Perfect Planning At Farringdon
14 June 2011
Perfect planning is a key ingredient for the Costain-Laing O’Rourke joint venture (jv) remodelling project at London’s Farringdon rail station.
The project is preparing the 19th century station to handle a revamped Thameslink service running north-south through the capital. This includes lengthening the platforms, building a new trainshed roof and creating an integrated ticket hall that will serve both the overground and underground lines passing through the station as well as the future east-west Crossrail link.
To do this means taking frequent possessions of the tracks at Farringdon. A possession is railway terminology to describe a section of track that a contractor literally takes possession of in order to carry out maintenance or construction works. The typical duration of a possession at Farringdon is 52 hours over a weekend. During this period all passenger services are suspended along that section of track.
Responsibility for ensuring everything goes smoothly lies with Possession Planners Amer Inayat and Atif Tufail. “We have two different organisations to deal with at Farringdon – Network Rail [for the overground works] (NR) and London Underground (LUL). The job we’re building is for Network Rail but because it runs through an LUL station there’s obviously an interface,” explained Atif.
LUL is using the opportunity to undertake work on its station at the same time as the NR possessions.
Generally, NR possessions last from close of services on Friday night to Sunday morning, or early on Mondays. LUL possessions usually start at 1.45am on Saturdays and run until Mondays.
However, separate applications have also to be made to close the actual station, which sometimes remains open at weekends allowing the public access to use ticket machines or charge their Oyster electronic rail passes.
As well as these weekend closures (and occasional longer spells over public holidays), the team frequently work during what LUL refers to as Engineering Hours and Network Rail calls White Periods during mid-week nights.
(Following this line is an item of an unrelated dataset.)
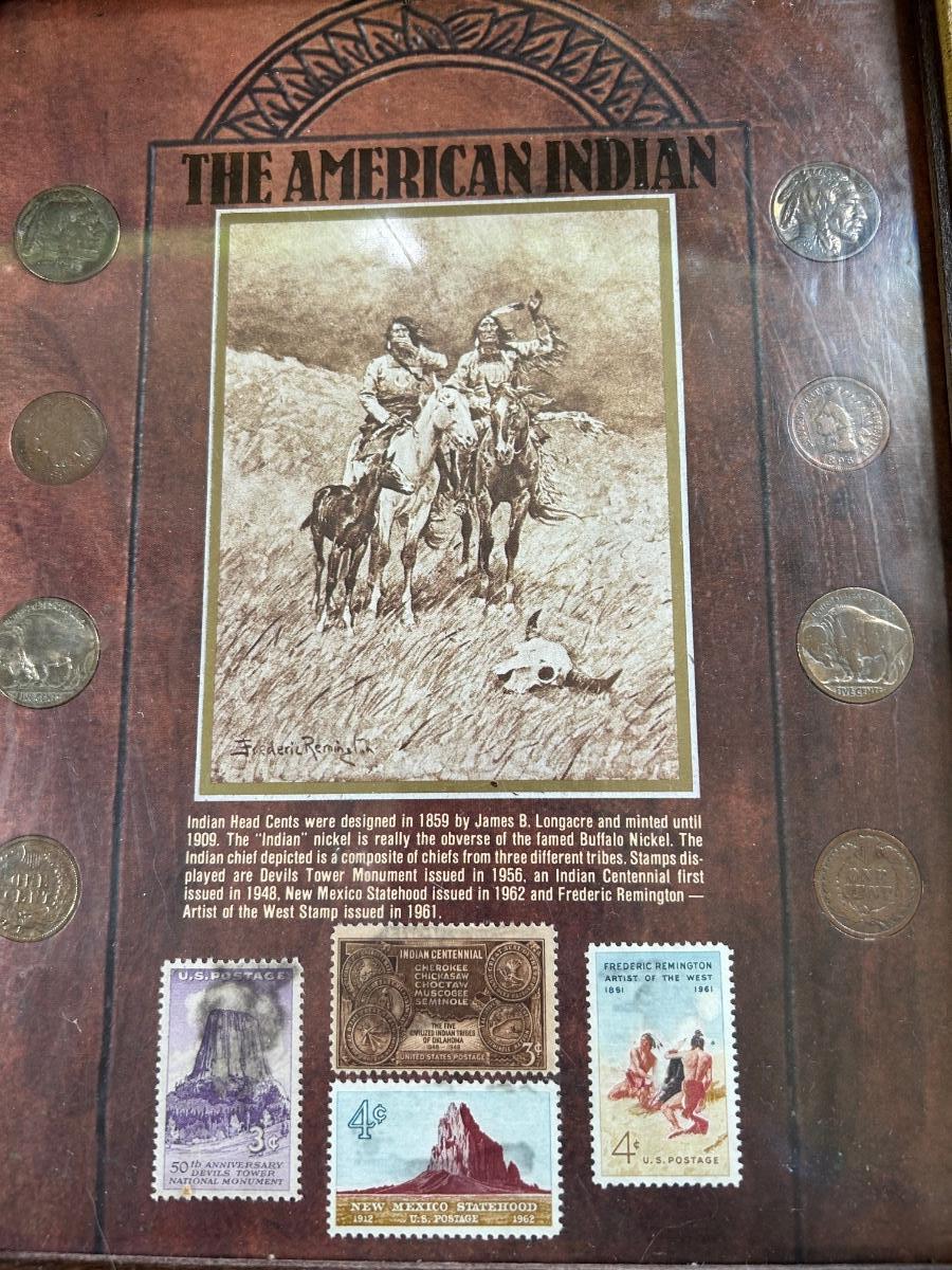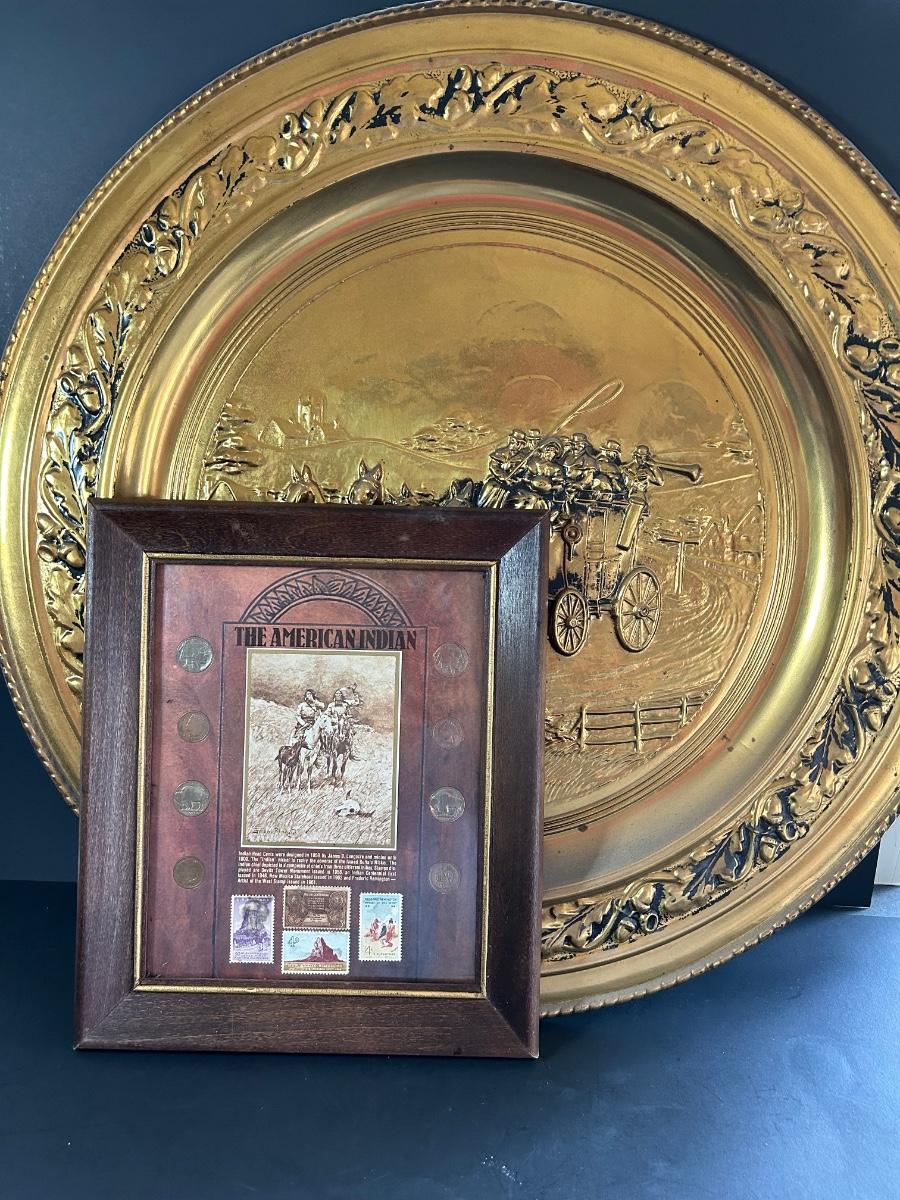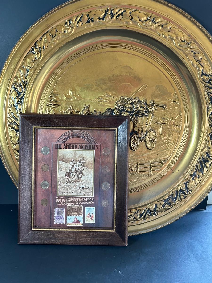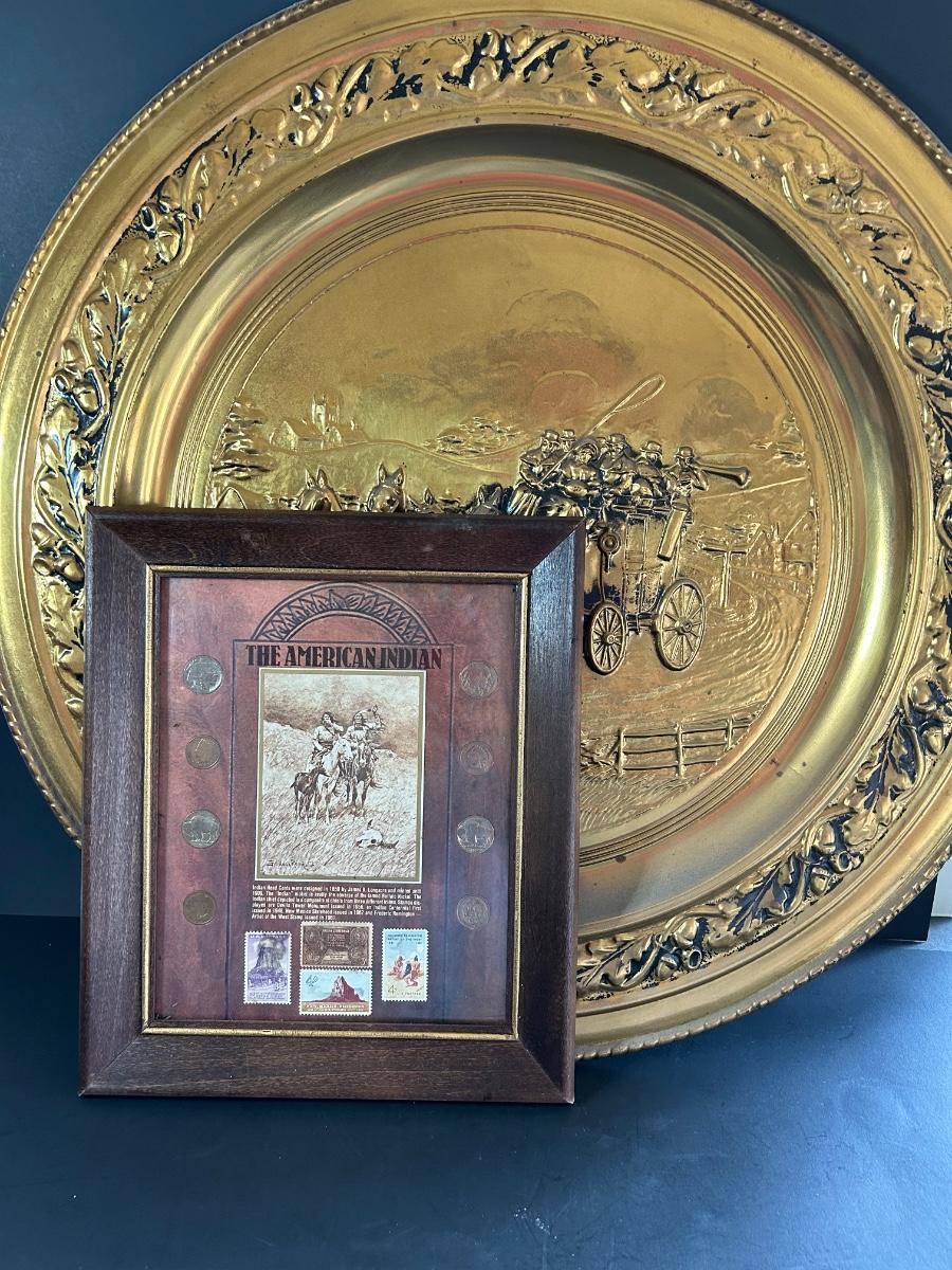 LOT 225: "The American Indian" Coin & Stamp Collection & Vintage Metal Embossed Stagecoach Wall Hanging

However, in the case of LUL the last Tube train departs around 1am and the track has to be handed back at 4am in preparation for services starting around an hour later.
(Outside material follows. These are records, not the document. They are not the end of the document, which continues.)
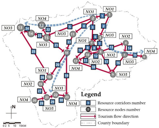 Tourism resources were regarded as “patches, corridors, or matrices” based on the theory of landscape ecology [23,28]. Then, a network was constructed that included the resource connection relationship and direction, which were determined by the scope of resources. Following, the hierarchical structure of the network was analyzed based on the resource connections and levels, and optimization was performed.
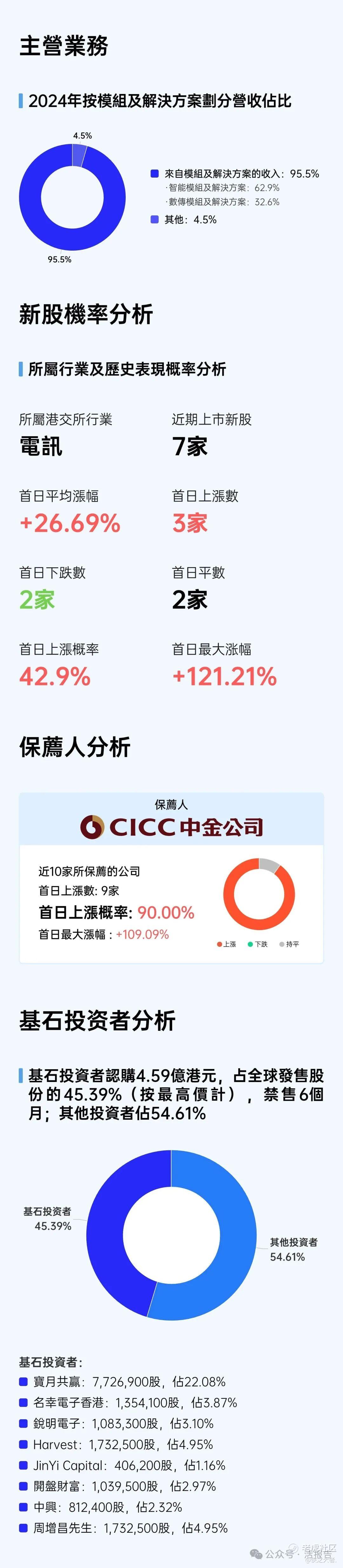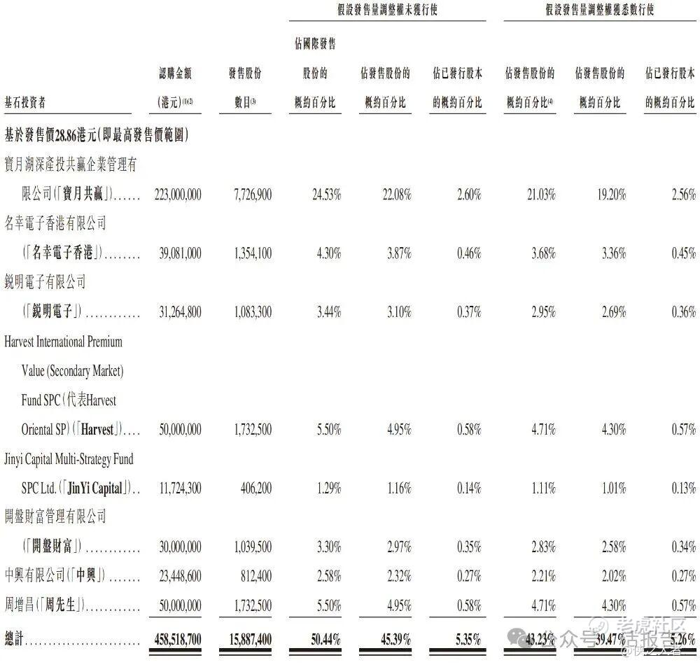 本次发行以机制B分配,公开发售占10%,无强制回拨。国配引入8家基石投资者(宝月共赢、名幸电子香港、锐明电子、Harvest、JinYi Capital、开盘财富、中兴、周增昌先生),认购约4.59亿港元,占全球发售股份的45.39%。
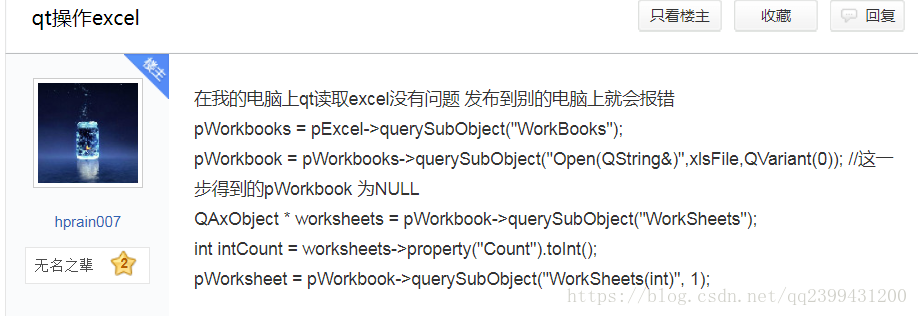 其一:mpWorkbooks->dynamicCall("Open(const QString&)", QVariant(msXlsFile))
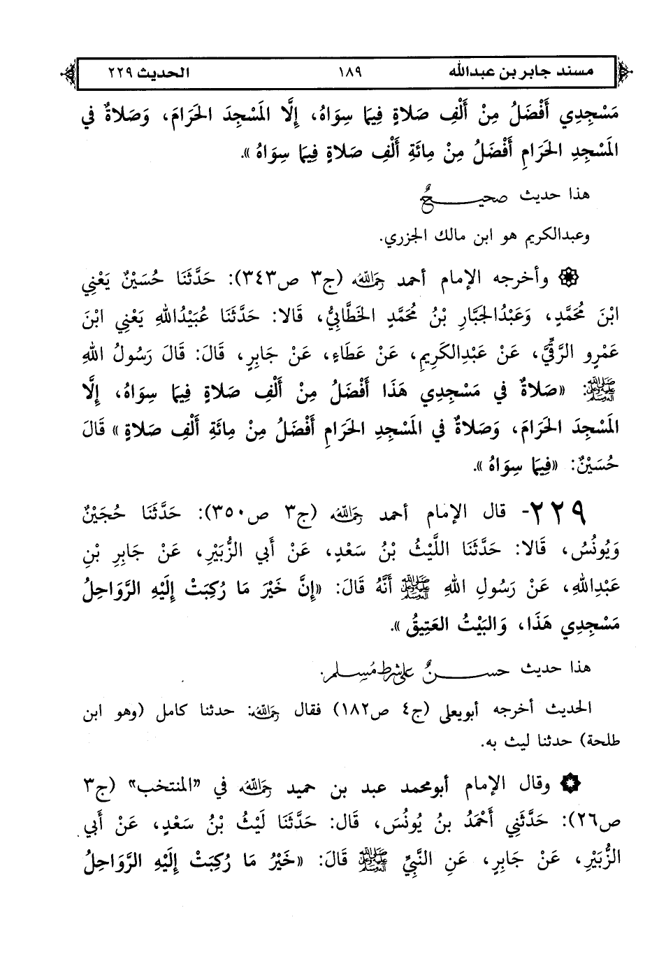 229 - قال الإمام أحمد رحمه الله (ج 3 ص 350): حدثنا حجين ويونس قالا حدثنا الليث بن سعد عن أبي الزبير عن جابر بن عبد الله عن رسول الله صلى الله عليه وعلى آله وسلم أنه قال «إن خير ما ركبت إليه الرواحل مسجدي هذا والبيت العتيق».

With NR the last passenger trains are at 22:30 with start of traffic again at 04:30. However, once the isolations have taken place this period reduces from 23:30 to 03:30: “We have a maximum of three hours on LUL and four hours on NR, however some works require isolation of both the LUL and NR tracks which leaves us with only two hours,” says Atif. “We do what we can. Usually we prepare for the weekend possessions so we can have a proper go at the work over the longer period.”
A hawk-like watch has to be kept on the progress of overnight or weekend work, as handing track back late incurs major financial penalties. "Since the job started three years ago, we’ve never overrun on one of our possessions,” he says.
Both NR and LUL need precise information on what work is being done, and how – down to details of what plant is required and how it will access and exit the site.
Before any works are carried out on or near the line on NR, a Safe System of Work (SSOW) plan needs to be produced. This is a document to inform the Controller of Site Safety the location of the works, access/egress points, isolation details, whether there are trains running, line speed and direction and any other hazards associated with the site of work.
One plan is required for each work group. To give an idea of the number of documents that are produced, over the Easter Possession Amer Inayat, Costain’s only SSOW Planner, produced over 100 of them.
To ensure possessions run smoothly, Atif attends two ‘red, amber, green’ (RAG) meetings each week where clients and contractors go through possessions planned for the following 14 weeks.
This information is updated regularly on the ‘RAG sheet’ that is distributed through the project team and Atif talks to team members daily. They are also circulated with details of which possessions have been approved…or declined.
“We’ve never been turned down by LUL as such,” says Atif, “but possessions have been refused for external reasons. For example, LUL wanted to keep services running for the royal wedding during the holiday Friday and NR shortened their possession to cope with the London Marathon.”